**Given data**
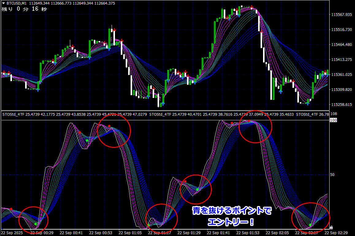 インジケーターの帯はピンク・緑・青の3層構造で、3層の帯は、収斂と拡散を繰り返しますので、 上昇時は、上から ピンク・緑・青 の並びとなり、下落時は、その逆で、上から青・緑・ピンクの並びになります。
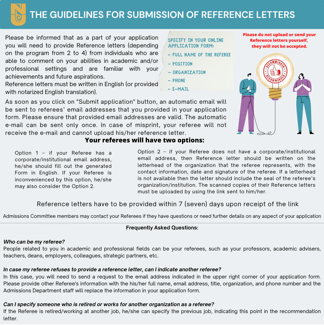 After submission of the online application form, an automatic email notification will be sent to your referees with a request to submit a recommendation letter to NU in accordance with the provided online form. Detailed instruction about providing recommendation letters is available in the personal account.
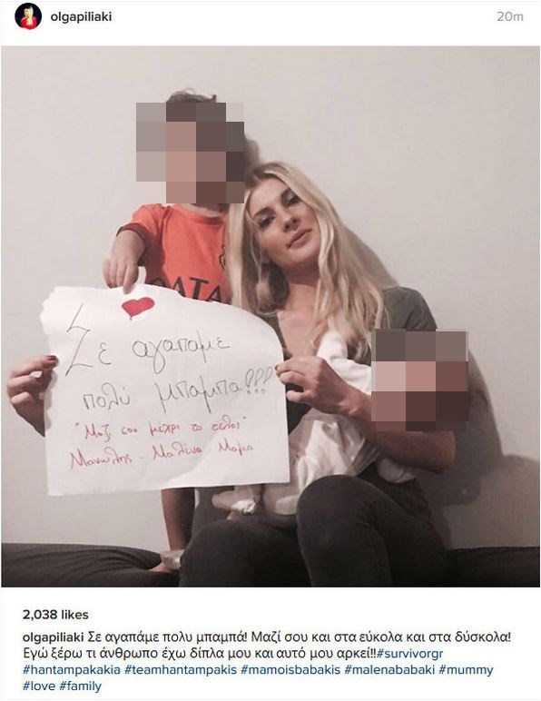 Θέση στον «πόλεμο» που δέχεται μέσω των social media ο σύζυγό της, Στέλιος Χανταμπάκης, πήρε η Όλγα Πηλιάκη, ανεβάζοντας μία φωτογραφία στον προσωπικό της λογαριασμό στο Instagram.Η Όλγα Πηλιάκη στηρίζει τον σύζυγό της και εξέφρασε δημόσια την συμπαράστασή της προς το πρόσωπό του.Η σύζυγος του παίκτη του Survivor, ανέβασε μία φωτογραφία με τα δύο τους παιδιά, ενώ η λεζάντα που συνόδευε την ανάρτηση έγραφε «Σε αγαπάμε πολύ μπαμπά! Μαζί σου και στα εύκολα και στα δύσκολα! Εγώ ξέρω τι άνθρωπο έχω δίπλα μου και αυτό μου αρκεί!!»Δείτε την ανάρτηση:
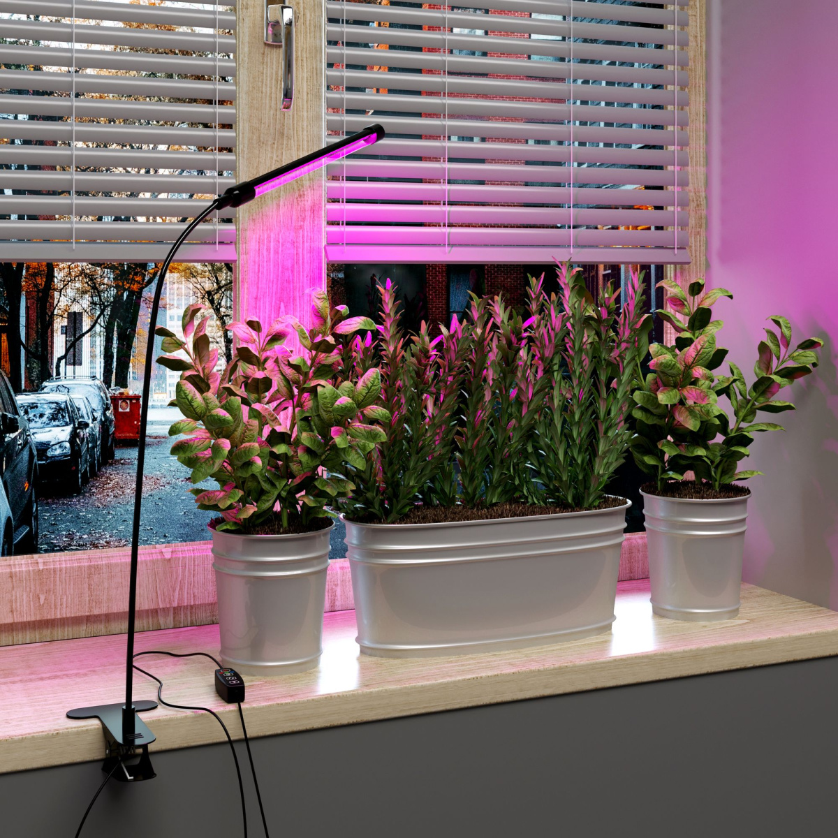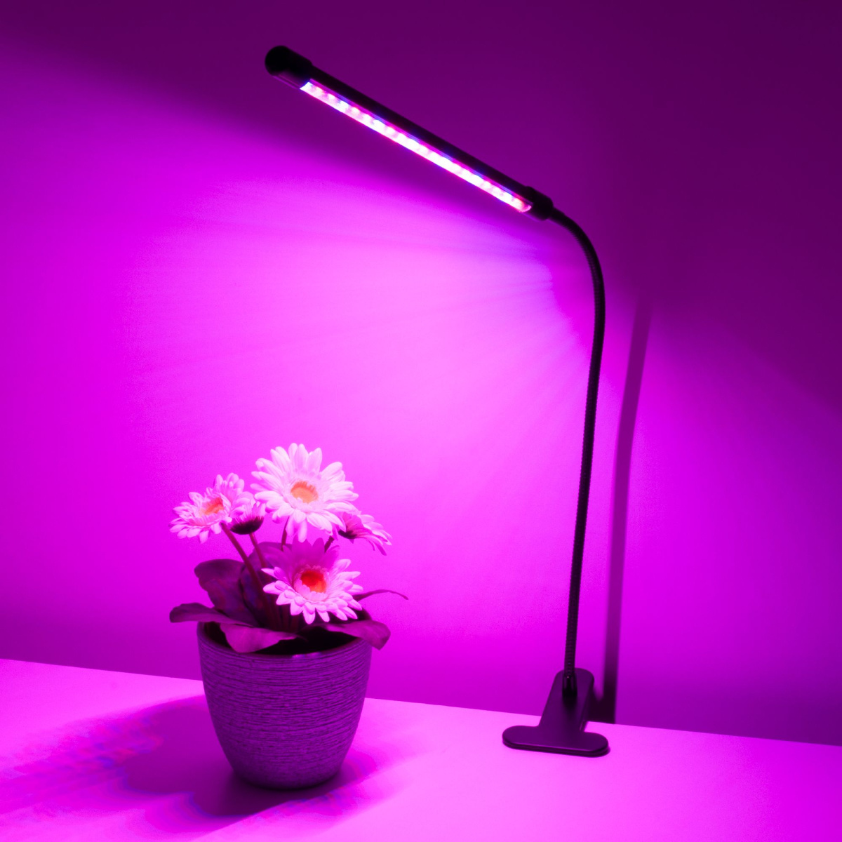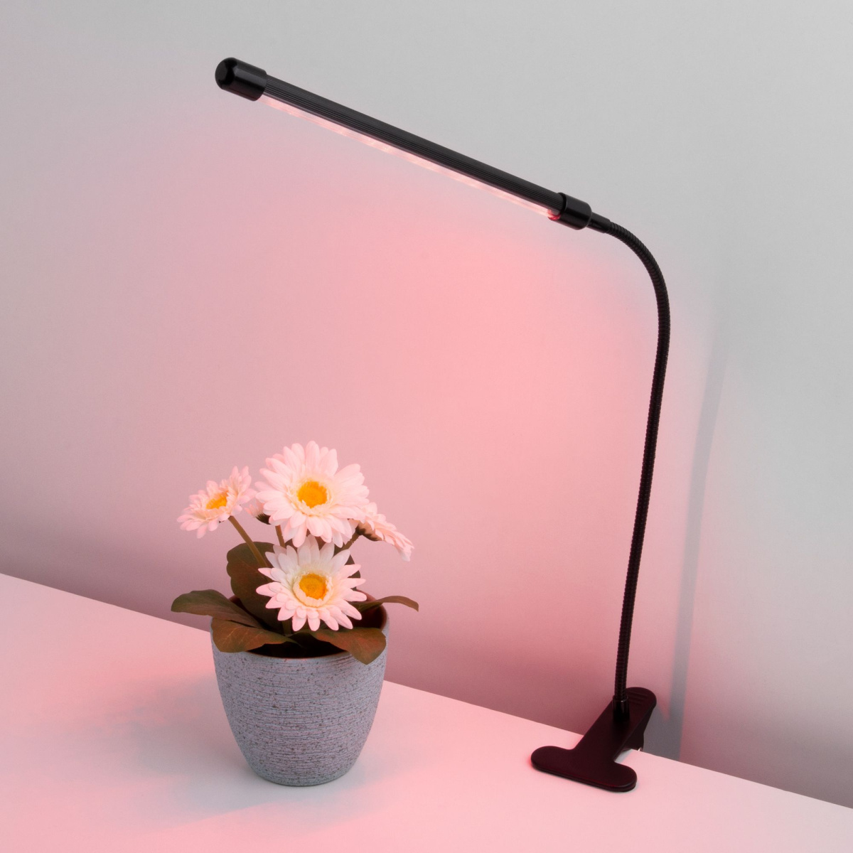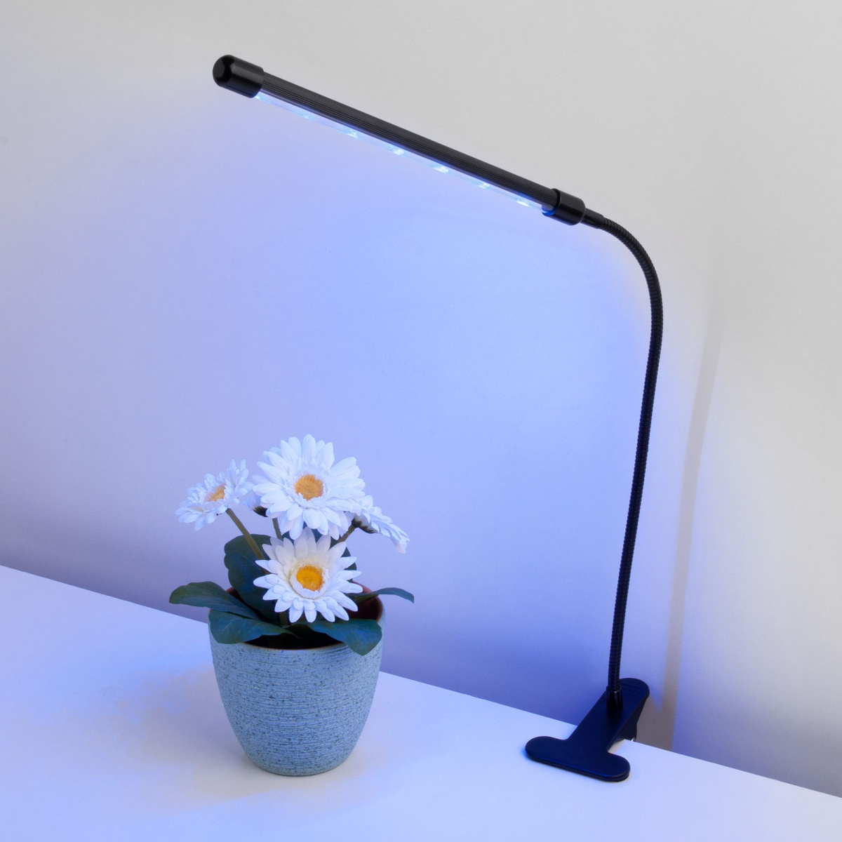 Фитолампа на прищепке имеет гибкое основание и пульт управления. С помощью прищепки светильник легко можно зафиксировать на выступах столов, полок и подоконников. При помощи гибкой ножки можно изменять направление светового потока на 360 градусов. Пульт управления, расположенный на сетевом шнуре позволяет выбрать один из трёх режимов работы, поставить таймер или отрегулировать яркость.

**What the task asks**
What is needed is a word-for-word copy of the lines from the start of the data to the line with "After submission of", inclusive, with no pictures in it.

**Result for this exercise**
 インジケーターの帯はピンク・緑・青の3層構造で、3層の帯は、収斂と拡散を繰り返しますので、 上昇時は、上から ピンク・緑・青 の並びとなり、下落時は、その逆で、上から青・緑・ピンクの並びになります。
 After submission of the online application form, an automatic email notification will be sent to your referees with a request to submit a recommendation letter to NU in accordance with the provided online form. Detailed instruction about providing recommendation letters is available in the personal account.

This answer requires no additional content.